11. The apparatus of claim 10, wherein:

the first outer disk housing further encloses the third and fourth ultrasonic sprayer disks between the inner disk housing and the first outer disk housing and further comprises:

a third air channel fluidically coupled to the third ultrasonic sprayer disk; and

a fourth air channel fluidically coupled to the fourth ultrasonic sprayer disk; and

the second outer disk housing further encloses the fifth and sixth ultrasonic sprayer disks between the inner disk housing and the second outer disk housing and further comprises:

a fifth air channel fluidically coupled to the fifth ultrasonic sprayer disk; and

a sixth air channel fluidically coupled to the sixth ultrasonic sprayer disk.
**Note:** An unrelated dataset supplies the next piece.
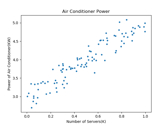 通过对上图的观察,我们可以判断它属于一个线性回归问题,而且是最简单的一元线性回归。于是,我们把热力学计算的问题转换成为了一个统计问题,因为实在是不能精确地计算出每块电路板或每台机器到底能产生多少热量。
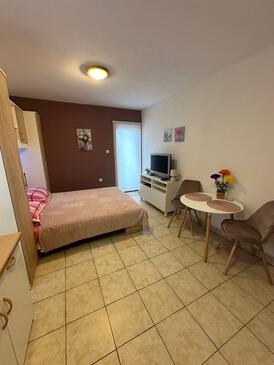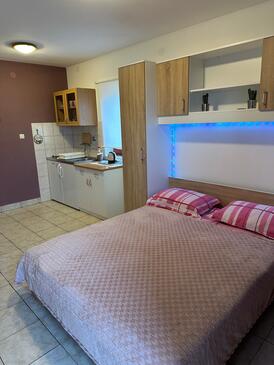 Appartamento può accogliere 5 ospiti. I letti sono disposti nelle camere da letto che sono 2, e nella sala da pranzo, su 38m2. Gli ospiti hanno a disposizione il proprio terrazzo per godere nelle calde serate estive. Dall'appartamento si gode di una vista sul mare. Si può preparare il cibo utilizzando il barbecue comune. Nell'unità di alloggio si possono portare gli animali domestici con un pagamento supplementare.

12. An apparatus for atomizing liquid into a breathable vapor, the apparatus comprising:

a liquid container housing comprising an inside volume, a bottom surface;

and a hinge positioned on a top surface opposite the bottom surface and above the inside volume;

an ultrasonic liquid atomizer component positioned on the top surface and above the inside volume and rotatably coupled to the hinge, the ultrasonic liquid atomizer comprising:

an ultrasonic sprayer disk;

a spray disk housing;

a bottom plate housing comprising a liquid channel opening; and

a top plate housing comprising an air channel opening, wherein:

the ultrasonic sprayer disk is encapsulated within an enclosure formed by coupling of the spray disk housing inbetween the bottom plate housing and the top plate housing;

the ultrasonic sprayer disk is fluidically coupled to the liquid channel opening of the bottom plate housing and the air channel opening of the top plate housing; and

the ultrasonic liquid atomizer is configured to vaporize liquid flowing within the inside volume directionally out through the liquid channel opening and the air channel opening by ultrasonically vibrating the ultrasonic sprayer disk upon contact with the liquid.

13. The apparatus of claim 12, further comprising a liquid stopper and a cap.
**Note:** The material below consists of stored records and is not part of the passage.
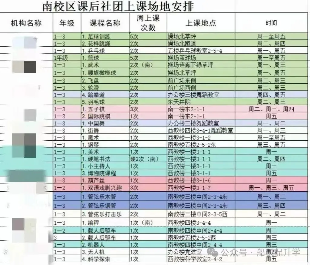 朝凤路小学南校区课后社团安排
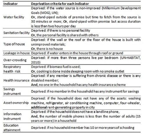 Table 1. Non-monetary indicators and deprivation criteria
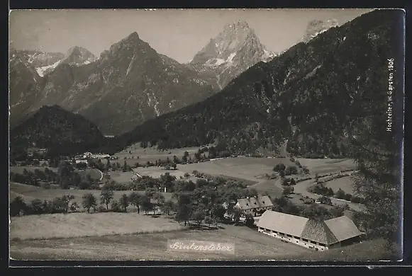 AK Hinterstoder, vereinzelte Häuser gegen Bergpanorama
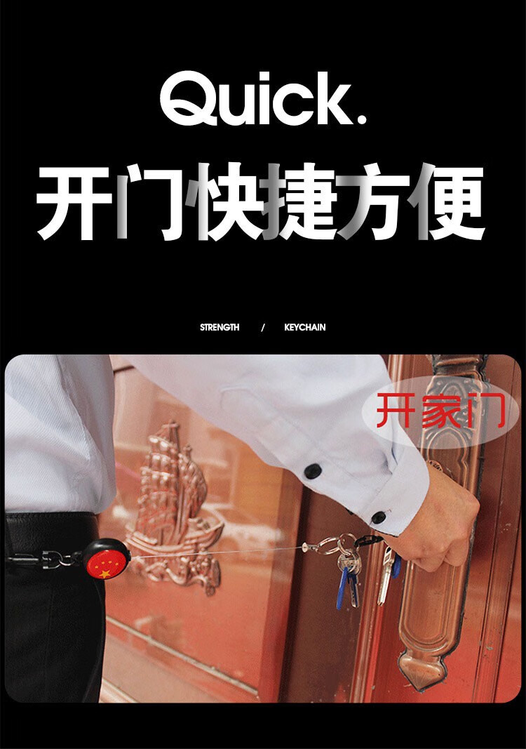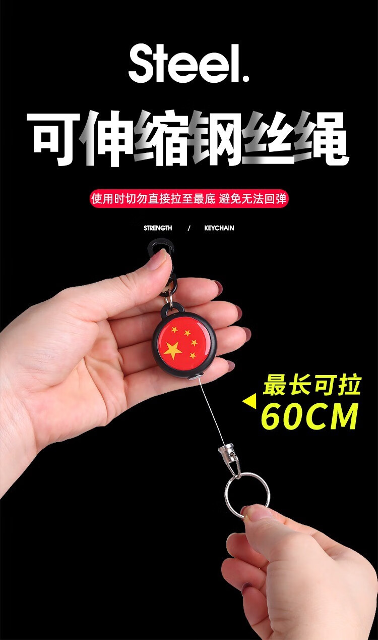 焱思泰伸缩钥匙扣钢丝绳可伸缩钥匙链防丢钥匙扣高回弹钢丝绳钥匙链挂件 伸缩钥匙扣(全长可拉60cm) 【升级高强度加粗钢丝绳】

14. The apparatus of claim 13, wherein the cap encloses the top surface of the liquid container and the liquid stopper is positioned within the inside volume of the liquid container.

15. The apparatus of claim 14, wherein an airtight seal is formed within the inside volume inbetween the cap and the liquid stopper by the enclosing of the top surface by the cap and the liquid stopper.

16. The apparatus of claim 15, wherein when liquid stored in the inside volume inbetween the liquid stopper and the ultrasonic liquid atomizer is vaporized directionally out through the liquid air channel, the liquid stopper is configured to rise up toward the ultrasonic sprayer disk due to a vacuum caused by the vaporization of the liquid and the airtight seal.

17. The apparatus of claim 12, further comprising an integrated circuit coupled to the bottom end of the liquid container and communicatively coupled to the ultrasonic liquid atomizer, the integrated circuit configured to cause the ultrasonic sprayer disk to vibrate.

18. The apparatus of claim 17, further comprising a battery tube configured to contain a battery and encasing at least a portion of the integrated circuit.

19. The apparatus of claim 12, further comprising a cap comprising an airway fluidically coupled to the air channel opening of the ultrasonic liquid atomizer and configured to allow liquid vapor to flow out of the cap.

20. The apparatus of claim 19, wherein the cap further comprises a mouthpiece fluidically coupled to the airway and configured to allow suction of liquid vapor flowing out of the airway.